Studio album by Siniestro Total
- Released: 2000
- Genre: Blues rock
- Label: Parlophone

Siniestro Total chronology
| Sesión vermú (1997) | La historia del blues (2000) | ¿Quiénes somos? ¿De dónde venimos? ¿A dónde vamos? (2002) |

= La historia del blues =

La Historia del Blues (History of Blues) is a concept album by the Spanish band Siniestro Total, released in 2000. The album tells the story of Jack Griffin, a fictional African-American musician. Siniestro Total use Griffin's life as a means to chronicle both the evolution of blues during the 20th century and "the recent history of the United States, with all of its wonders and all of its atrocities".

== Jack Griffin's story ==

Jack Griffin was born in the late 1800s in a cotton plantation on the banks of the Mississippi delta. As a young boy, Griffin was fascinated by the blues music played by itinerant bands, to the extent that the devil (which in this story adopts the name of Nick LeFreak) offers him a deal: eternal life and extraordinary musicianship in exchange for devoting his existence to spread blues (the devil's music, according to tradition) throughout the nation. Griffin accepts, but soon his attention shifts to other types of music (such as Tex-Mex, gospel, or rap) that LeFreak doesn't approve of. Considering that the contract has been breached, LeFreak starts tracking Griffin to collect his soul, but Griffin always seems to be one step ahead. He spends a large portion of his life criss-crossing the United States in a desperate flight from LeFreak, and always producing new music with different bands wherever he goes. From his home in Mississippi, he moves to Chicago, St Louis, Texas, California, and finally, New York City.

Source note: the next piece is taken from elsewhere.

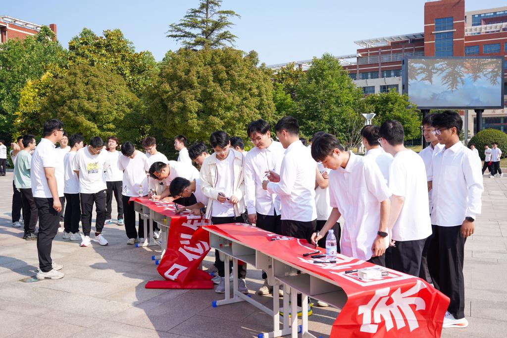 随后开展的“青春印记”签名留念活动中,笔锋游走间,毕业生们在横幅上郑重签下姓名,一个个充满个性的签名成为青春与母校联结的特殊符号。

In a final confrontation in New York City in 1999, Griffin manages to shoot LeFreak to death, but is arrested and sentenced to die in the electric chair. In his final moments, he realizes that the priest standing next to him is the devil in a new body. He also realizes that the path he has taken in his travels traces a cross over the map of the United States, a sign that his life and death had been preordained, and that he is only a pawn in the struggle between Good and Evil. The devil calls Griffin a traitor and, before flipping the switch, lets him know that Evil will continue into the new millennium.

== Track listing ==

Even though the songs are presented as covers of original songs by Jack Griffin, they are all original compositions by Siniestro Total, with the only exception of track #3, Coleguita. The following list includes both the title of the fictitious original songs as well as the name of the equally fictitious bands that Griffin was a member of at the time.

1. La rabia de vivir, cover of Crazy Blues #2 by Bobby Jr. and the Dirty Old Men (1928).
2. Llueve, cover of It's raining by Cryin' Shame and the Stormy Tuesday Big Band (1949).
3. Coleguita, cover of the song by Zydeco Pierre and his Broken Accordions (1955).
4. Vuelvo hacia el hogar, cover of Going home by Barbacoa Lorenzo and the Red Hot Coals (1931).
5. ¿A quién vas a culpar?, cover of Who's to blame by Boycott Lynch (1944).
6. Bajo sus propias pistolas, cover of the song by the same name by Perfecto Mundo y su Mariachi (1961).
7. Llevadme a mi Tejas natal, cover of Take me to my Lone Star Country by Total Disaster (1966).
8. Inundación, cover of Highwater by Jack Griffin (1938).
9. El enanito y las tres blancanueces, cover of The Little Dwarf and the Three Snownuts by Luigi and the Wise Guys (1970).
10. Ni sí, ni no, cover of No Tits, no Love by Green Express (1975).
11. Mata al malo y pilla a la chica, cover of Kill the Bad Guy and Get the Girl by Neutron Smith (1988).
12. Dios tiene un plan, cover of God's Got a Plan by Reverend Griff Jackson (1999).

== Narration ==

During the live performances in the promotional tour of the album, each song was preceded by a monologue by actor Manuel Manquiña describing Jack Griffin's desperate flight from Satan and the circumstances that had led him to compose that particular song.